1. Is your living arrangement safe and well-kept?


Check this off if you have a good living arrangement as discussed in this post


2. Are you off social media?


Check this off if you have followed the guidelines about social media in this post.


3. Are your physique and grooming right for dating women?


Check this off if you are no more than 5-10 pounds below your ideal body mass or you are no more than 30-35 pounds above your ideal body mass. To check this off you should also have gone through your grooming standards as discussed in this post.


4. Is your job stable?


Check this off if you have held down a job, course of study, charitable pursuit, or creative art for at least two years straight. Consult this post.


5. Are you ready to become a father if you and a woman you are dating lose your caution and move too fast?


Check this off if you have prayed or meditated on accidental fatherhood as discussed in this post


6. How is your concentration? Are you able to pay attention to what people say and listen without your mind drifting off?


Check this off if you have passed two bimonthly checks on listening in a row, as discussed in this post.


7. Do you have a track record of sticking with your game plan for life?


Check this off if you have at least $1000 in the bank as discussed in this post and you can honestly say you have not had much backsliding during Phase 3.


8. How is your overall confidence and ability to handle rejection or hostility?


Check this off if you can say you feel confident and you are able to deal with rejection. The video below provides one self-testing exercise, which involves purposefully submitting applications for things and forcing yourself to read rejection letters, etc. 

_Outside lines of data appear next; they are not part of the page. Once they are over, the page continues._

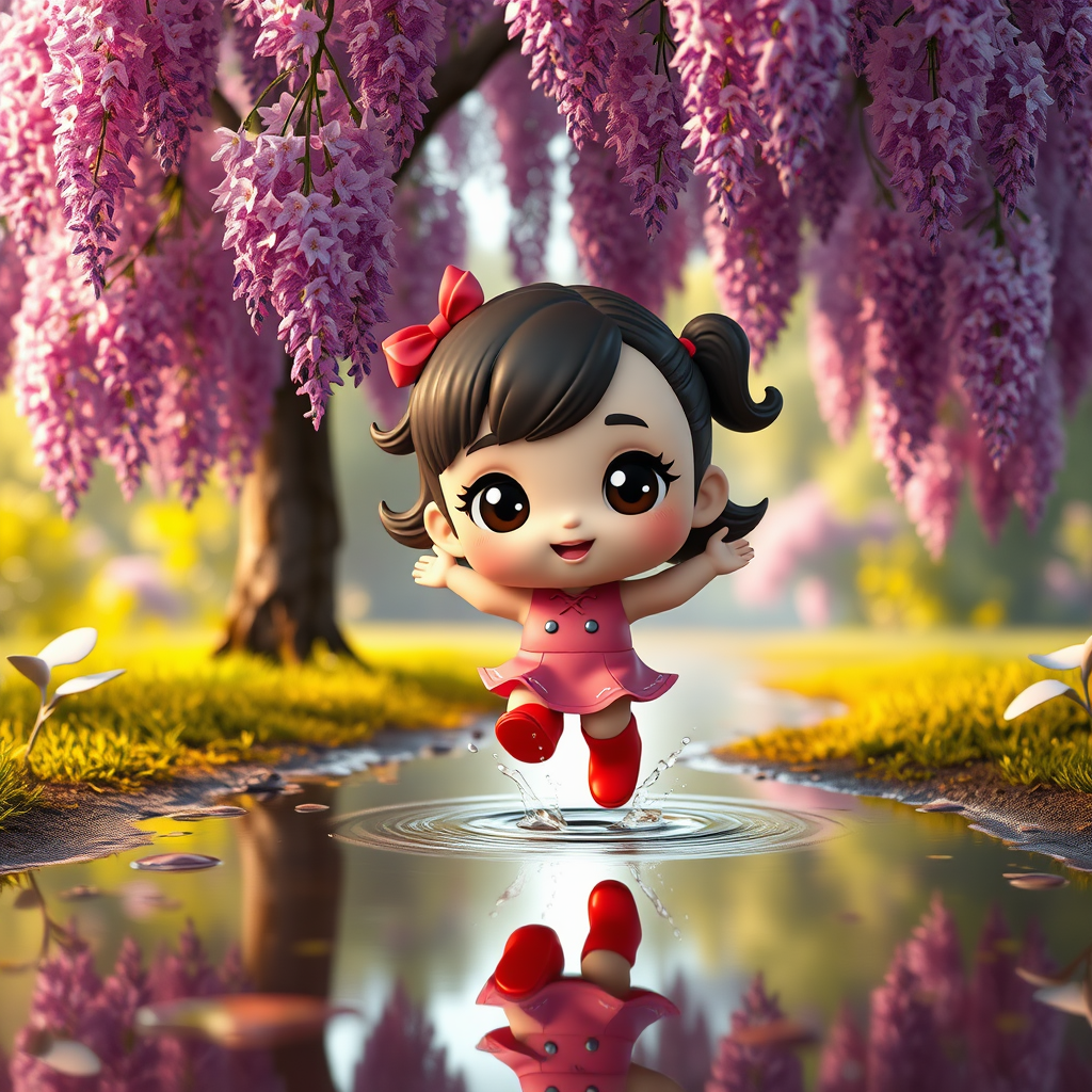 A delightfully whimsical 3D character design of an adorable chibi girl doll gleefully jumping in a puddle, set amidst breathtakingly beautiful scenery under a lush wisteria tree. She dons vibrant red rain boots and sports oversized, sparkling eyes that captivate with their charm. This award-worthy scene is crafted in a hypermaximalist style using octane render to achieve stunning detail. The atmosphere is enhanced by ethereal volumetric lighting, casting a magical glow that complements the enchanting surroundings.
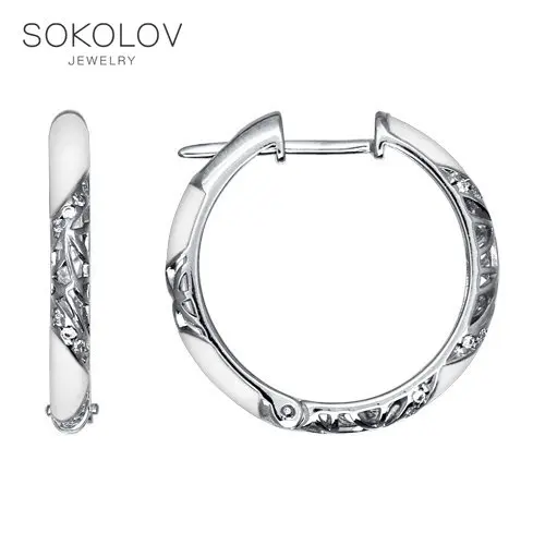 Серьги-кольца с белой эмалью SOKOLOV, Серебро, 925, Женские, Серьги 2022 тренд, Оригинальная продукция
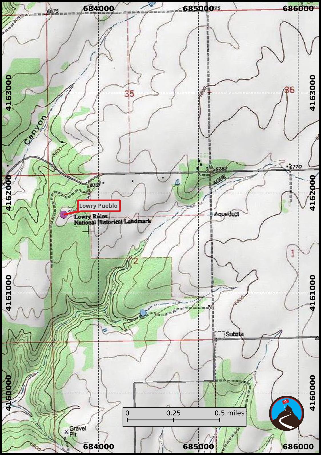 From the small town of Pleasant View, CO, follow County Road CC west toward for 8.3 miles. Turn south here on Country Road 7.25, which is signed Lowry Pueblo. The parking area is 0.25 miles ahead.

9. Is your car in good shape?


Check this off if you have a car and it looks decent. Watch the video below for more details!


10. Have you been able to go without watching any porn and with near-abstinence of masturbation (at least 90-180 days between times you masturbate) for a healthy period of time?


If you have made it through the last 180 days masturbating no more than twice and you have not watched any pornography at all, you can check this off.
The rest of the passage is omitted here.